====== Dataset records ======

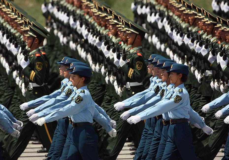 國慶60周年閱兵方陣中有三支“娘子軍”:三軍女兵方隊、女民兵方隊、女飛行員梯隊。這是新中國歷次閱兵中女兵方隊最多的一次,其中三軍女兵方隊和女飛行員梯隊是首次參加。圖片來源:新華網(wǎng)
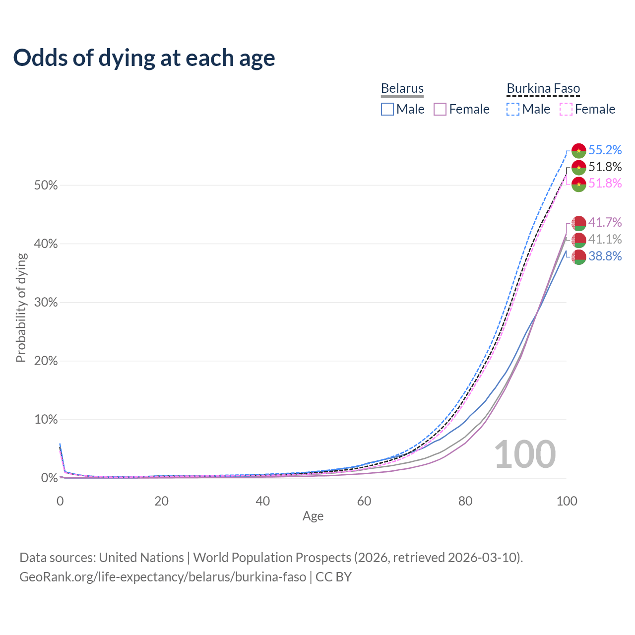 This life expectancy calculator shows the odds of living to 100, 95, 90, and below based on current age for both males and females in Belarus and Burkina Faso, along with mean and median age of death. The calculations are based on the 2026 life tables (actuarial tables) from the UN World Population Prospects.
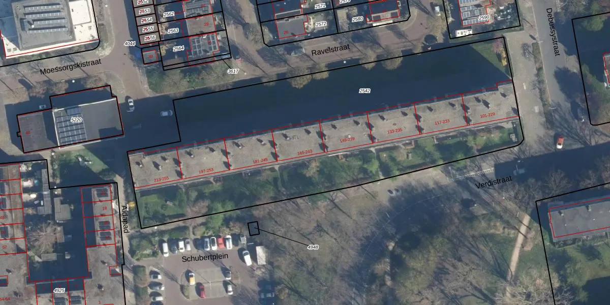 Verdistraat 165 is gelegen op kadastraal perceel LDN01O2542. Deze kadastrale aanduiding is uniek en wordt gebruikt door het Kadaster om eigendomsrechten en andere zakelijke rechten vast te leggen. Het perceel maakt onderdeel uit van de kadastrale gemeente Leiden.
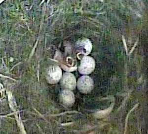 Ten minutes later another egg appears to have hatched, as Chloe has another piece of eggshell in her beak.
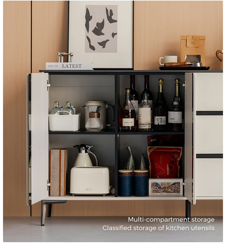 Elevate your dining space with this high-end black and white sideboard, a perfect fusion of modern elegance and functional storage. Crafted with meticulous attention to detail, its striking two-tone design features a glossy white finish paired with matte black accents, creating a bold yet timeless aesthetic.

======

_What is expected_
Write out all the records exactly, omitting the images.

_Output for this task_
 國慶60周年閱兵方陣中有三支“娘子軍”:三軍女兵方隊、女民兵方隊、女飛行員梯隊。這是新中國歷次閱兵中女兵方隊最多的一次,其中三軍女兵方隊和女飛行員梯隊是首次參加。圖片來源:新華網(wǎng)
 This life expectancy calculator shows the odds of living to 100, 95, 90, and below based on current age for both males and females in Belarus and Burkina Faso, along with mean and median age of death. The calculations are based on the 2026 life tables (actuarial tables) from the UN World Population Prospects.
 Verdistraat 165 is gelegen op kadastraal perceel LDN01O2542. Deze kadastrale aanduiding is uniek en wordt gebruikt door het Kadaster om eigendomsrechten en andere zakelijke rechten vast te leggen. Het perceel maakt onderdeel uit van de kadastrale gemeente Leiden.
 Ten minutes later another egg appears to have hatched, as Chloe has another piece of eggshell in her beak.
 Elevate your dining space with this high-end black and white sideboard, a perfect fusion of modern elegance and functional storage. Crafted with meticulous attention to detail, its striking two-tone design features a glossy white finish paired with matte black accents, creating a bold yet timeless aesthetic.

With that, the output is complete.